PROBLEM — A verbatim repeat of the lines below is required, with the pictures removed.

SUPPLIED INFORMATION —
━━━━━━━━━━━━━━━━━━━━━━━━━━━━━━
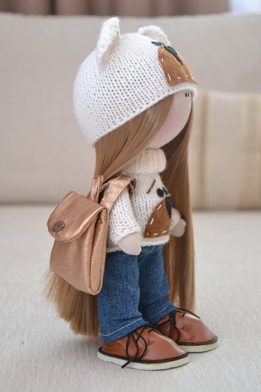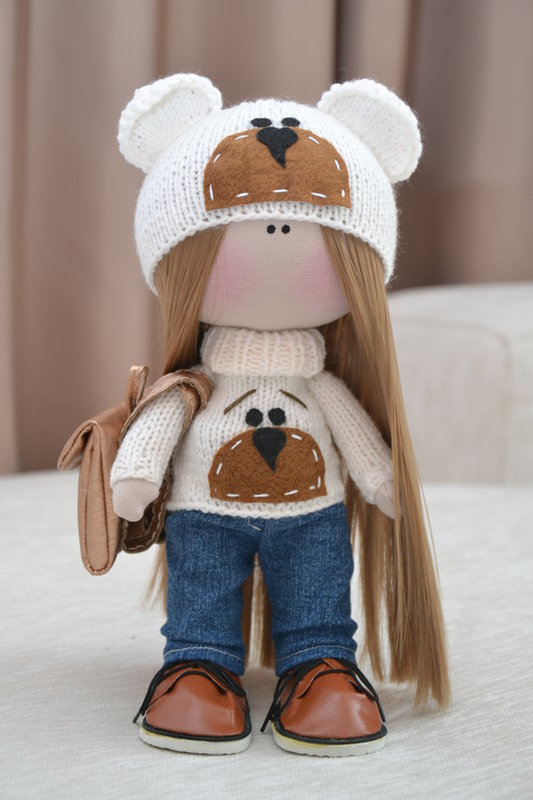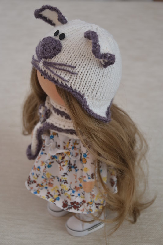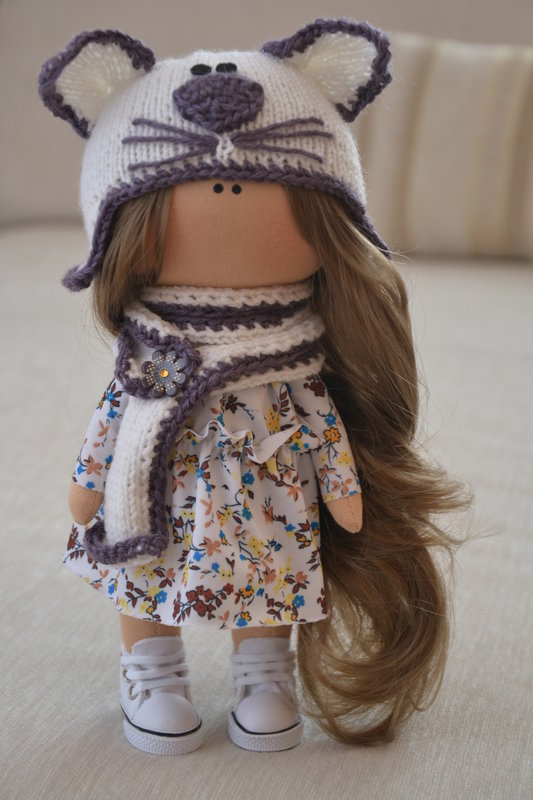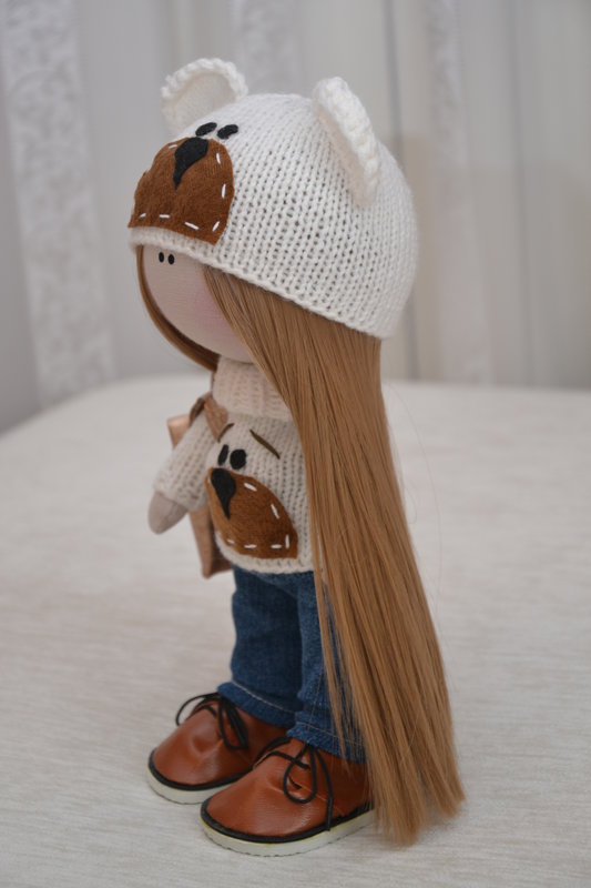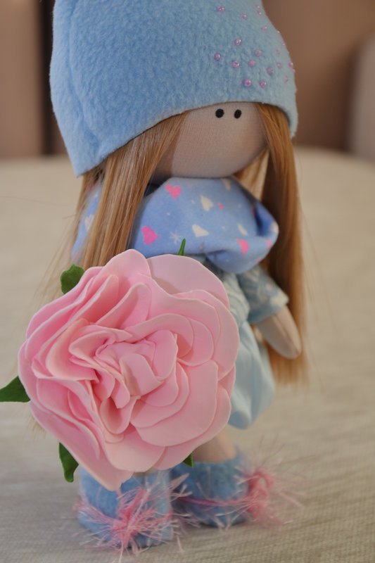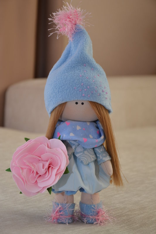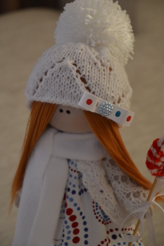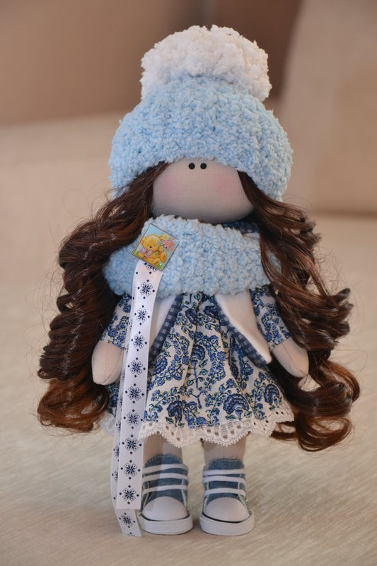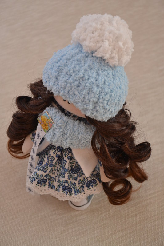 Малышка Гжелька. Розовые от мороза щёчки, шикарная шевелюра, тепленькая шапочка. Очень милая и уютная куколка получилась.
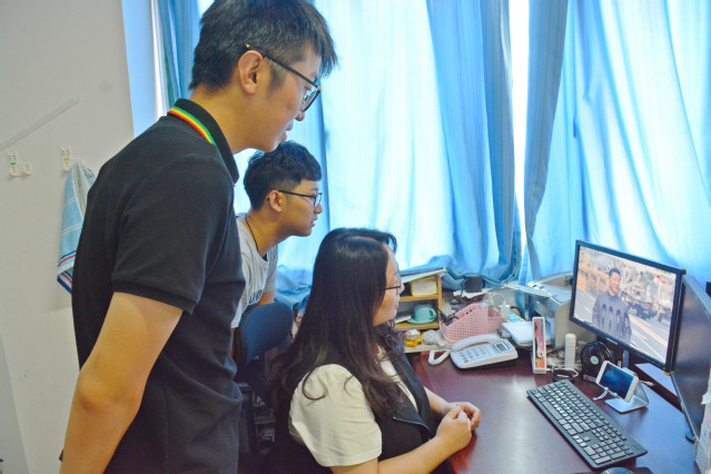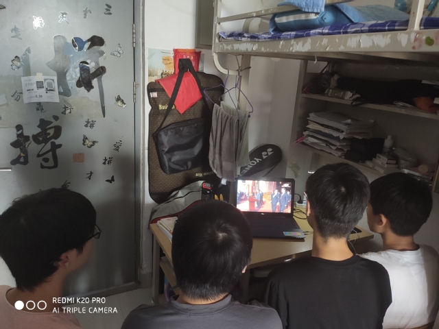 学院党委书记李国与学院师生共同观看直播 魏孟吉摄影
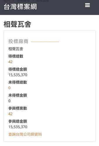 焦糖哥哥在 台灣標案網 查詢「相聲瓦舍」,至少有 42 個標案,共計 1553 萬。
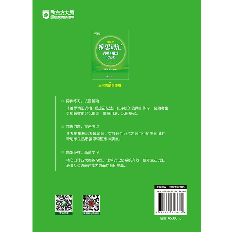 雅思词汇词根 IELTS同步学练测英语练习 联想记忆法:乱序版 新东方绿宝书同步训练 俞敏洪书籍 学练测 当当网新东方
━━━━━━━━━━━━━━━━━━━━━━━━━━━━━━
RESPONSE AREA —
 Малышка Гжелька. Розовые от мороза щёчки, шикарная шевелюра, тепленькая шапочка. Очень милая и уютная куколка получилась.
 学院党委书记李国与学院师生共同观看直播 魏孟吉摄影
 焦糖哥哥在 台灣標案網 查詢「相聲瓦舍」,至少有 42 個標案,共計 1553 萬。
 雅思词汇词根 IELTS同步学练测英语练习 联想记忆法:乱序版 新东方绿宝书同步训练 俞敏洪书籍 学练测 当当网新东方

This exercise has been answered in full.